Le Centre national du livre (CNL), dont les membres sont installés et grassement payés depuis des années, ne fait rien. Les directions de la culture, la direction du livre au niveau du ministère, les centres culturels algériens à l’étranger, etc., ne font absolument rien pour la promotion du livre. Je vous rappelle qu’un pays comme l’Argentine dépense annuellement 4 millions d’euros pour promouvoir la littérature argentine dans le monde. Que font les institutions algériennes dans ce sens ? Eh bien, elles ne font rien de particulièrement structurant, et cela est scandaleusement affligeant. 

  • Justement, l’ouverture du SILA intervient dans un contexte marqué par les difficultés auxquelles fait face le secteur de l’édition (pénurie de papier, taxes, distribution balbutiante)…

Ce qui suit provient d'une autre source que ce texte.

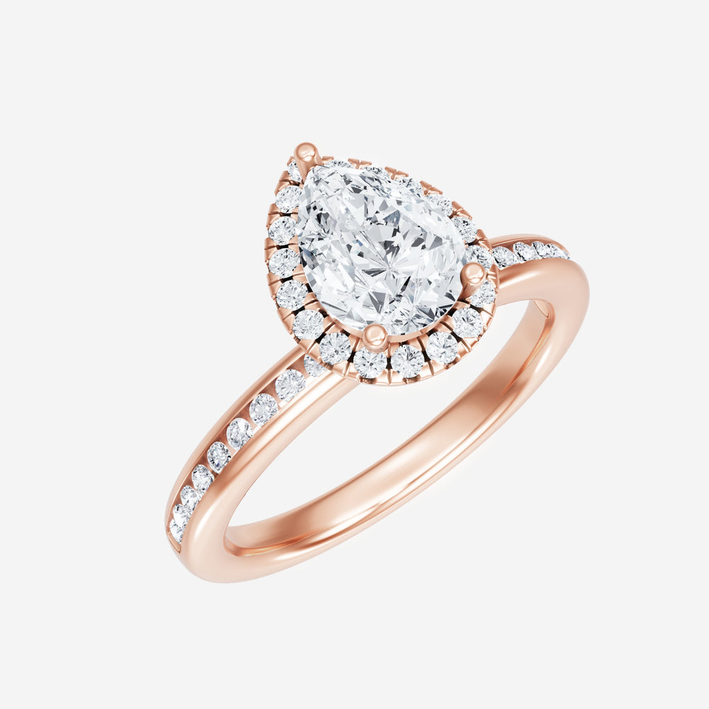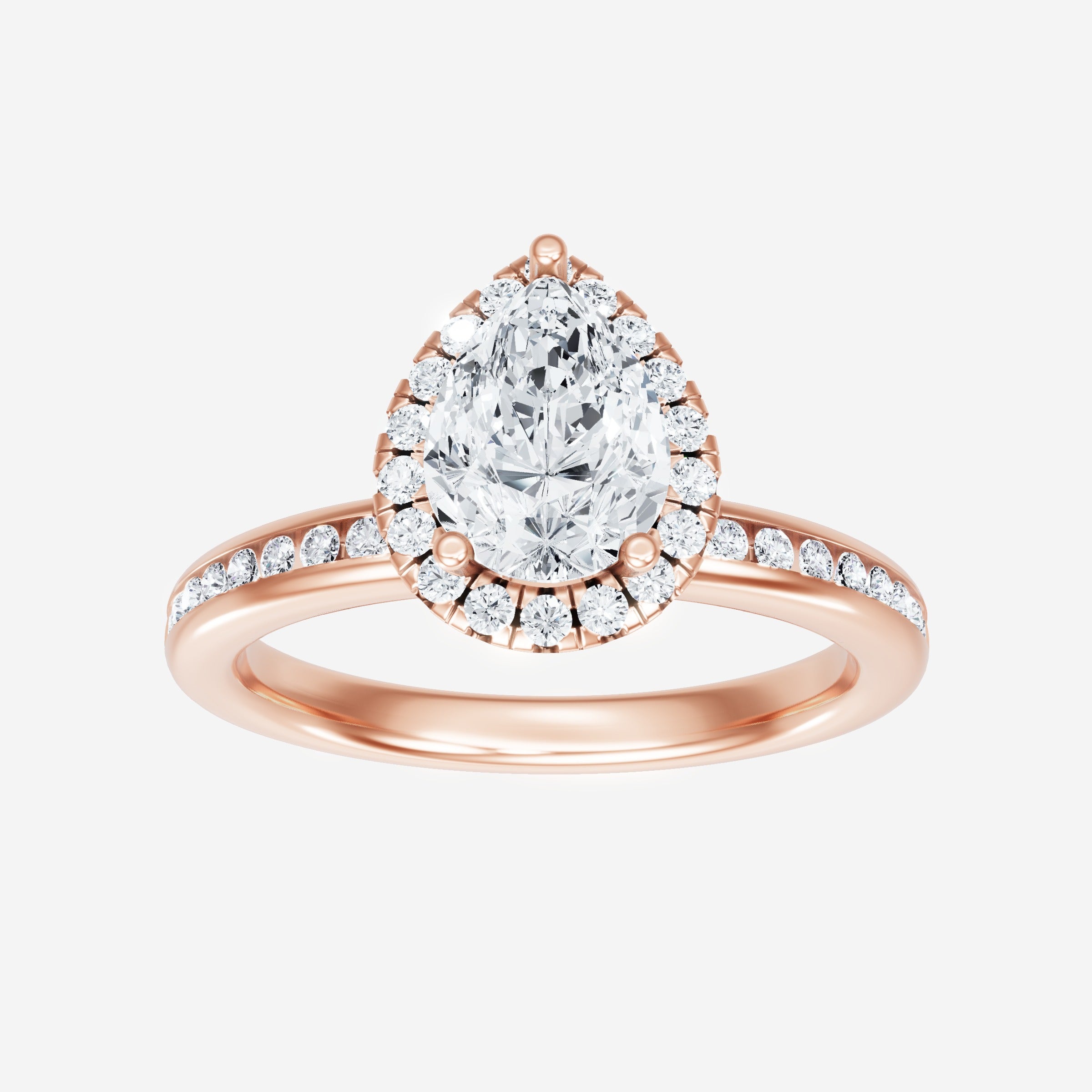 You’ve designed a ring that reflects lasting elegance and grace! Crafted from 14k Rose Gold, this exquisite Pear lab-grown diamond is the centerpiece of this unique design. This Channel Set Shank with a Micro Halo head showcases the brilliance of the Pear diamond, creating a timeless look. This elegant piece is the perfect symbol of love, strength, and timeless beauty.

La crise du papier est, à ce que je sache, mondiale. Elle frappe de plein fouet le marché algérien qui dépend à 100% des importations. Elle impacte fortement l’édition pour deux raisons principales. D’abord, le contingentement des importations fait que la pénurie s’est installée au profit de certains opérateurs qui contrôlent ce segment. Ensuite, il y a le fait que, au niveau du gouvernement, aucune mesure de soulagement fiscal n’est faite sur le papier destiné à la fabrication du livre. Le gouvernement se comporte avec toutes les entreprises, de tous les secteurs, de la même manière, sans aucunement tenir compte des spécificités de chaque secteur et de la plus-value symbolique que la culture peut apporter au pays. Encore une fois, il faut une véritable politique culturelle, qui repose sur une vision à long terme et sur une ouverture réfléchie et généreuse sur le monde. L’isolement n’immunisera pas l’Algérie ; il la tuera. 

  • La maison d’édition que vous dirigez (Frantz Fanon) a étoffé son catalogue. Nous croyons savoir que vous allez proposer, à l’occasion du Salon, de nouveaux titres liés à l’histoire nationale…

Nous avons prévu une vingtaine de nouveaux titres pour cette 25e édition. Malheureusement, à cause de la pénurie de papier, nous n’avons pu en publier qu’une dizaine. Nous en sommes un peu frustrés, mais le livre, c’est un travail de tous les jours et tout au long de l’année. Avec la patience et la passion de nos auteurs et lecteurs, la générosité de certains médias, comme El Watan, nous pourrons faire de belles choses aujourd’hui, demain et dans les mois et années à venir. 

Parmi nos nouveautés : il y a des livres de Abderrezak Dourari, Lamine Benallou, El Mahdi Acherchour, Hakim Laâlam, Saïd Sadi, Sadek Hadjeres, Mohamed Ifticene, Mohammed Arkoun, Valérie Zenatti et Kamel Bencheikh.